■ Given data
'''
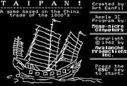 Taipan! is a 1979 turn-based strategy computer game written for the TRS-80 and ported to the Apple II in 1982.[1] It was created by Art Canfil and the company Mega Micro Computers, and published by Avalanche Productions.[1][3]
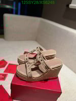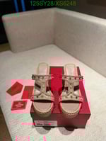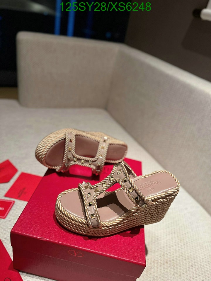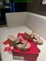 Valentino Garavani Rockstud Leather Wedge Sandals Beige
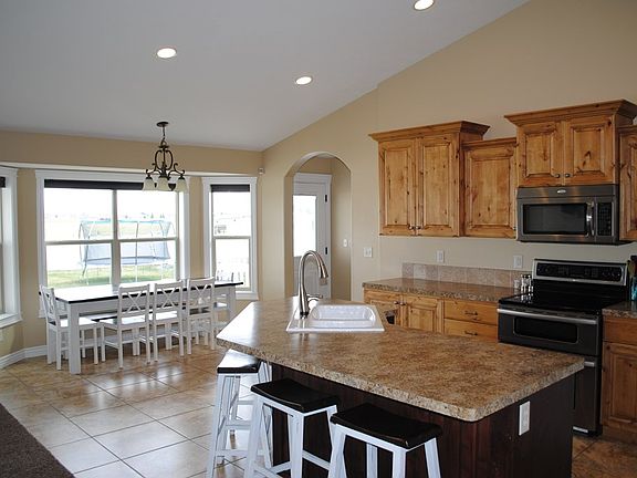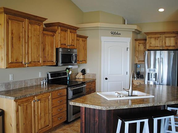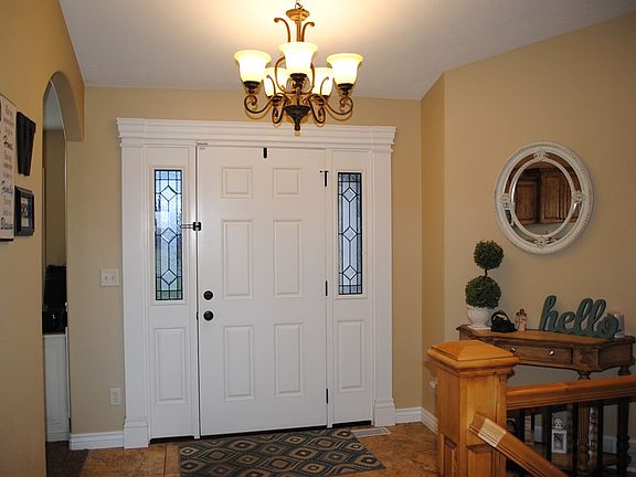 Beautiful Custom open floor plan! Beautiful open kitchen for entertaining, Vaulted Ceilings, Main floor, den, office, or formal living room, main floor family room with beautiful fireplace insert. Main floor laundry with laundry sink, Master bedroom with tray ceiling, walk in closet. Master bath with custom tile shower with two shower heads, and double sinks. 5 additional huge bedrooms. Large great room in the basement set up as theatre room, and addition seating around a second fireplace insert with a beautiful mantle. Huge storeroom with additional food storage room containing built in shelves. The basement is fully finished. Bathrooms are all custom beautiful bathrooms. Home features and oversized 3 car garage with built in cabinets. Huge Rv parking area. The back yard is fully fenced with additional space and grass on both sides. Storage shed. Mature trees on West boarder, full sprinkler system front ad back. This home has been very well taken care of. Hot tub on patio included. Schedule your personal showing today!
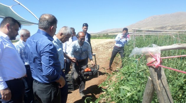 Malatya'nın Doğanşehir ilçesinde yaklaşık 1 dekarlık alanda sırık domates yetiştiriciliği yapılarak Tarla Günü düzenlendi.
'''
■ Work item
Images stay out, but the rest of the data above must be repeated exactly.

■ Answer to the problem
 Taipan! is a 1979 turn-based strategy computer game written for the TRS-80 and ported to the Apple II in 1982.[1] It was created by Art Canfil and the company Mega Micro Computers, and published by Avalanche Productions.[1][3]
 Valentino Garavani Rockstud Leather Wedge Sandals Beige
 Beautiful Custom open floor plan! Beautiful open kitchen for entertaining, Vaulted Ceilings, Main floor, den, office, or formal living room, main floor family room with beautiful fireplace insert. Main floor laundry with laundry sink, Master bedroom with tray ceiling, walk in closet. Master bath with custom tile shower with two shower heads, and double sinks. 5 additional huge bedrooms. Large great room in the basement set up as theatre room, and addition seating around a second fireplace insert with a beautiful mantle. Huge storeroom with additional food storage room containing built in shelves. The basement is fully finished. Bathrooms are all custom beautiful bathrooms. Home features and oversized 3 car garage with built in cabinets. Huge Rv parking area. The back yard is fully fenced with additional space and grass on both sides. Storage shed. Mature trees on West boarder, full sprinkler system front ad back. This home has been very well taken care of. Hot tub on patio included. Schedule your personal showing today!
 Malatya'nın Doğanşehir ilçesinde yaklaşık 1 dekarlık alanda sırık domates yetiştiriciliği yapılarak Tarla Günü düzenlendi.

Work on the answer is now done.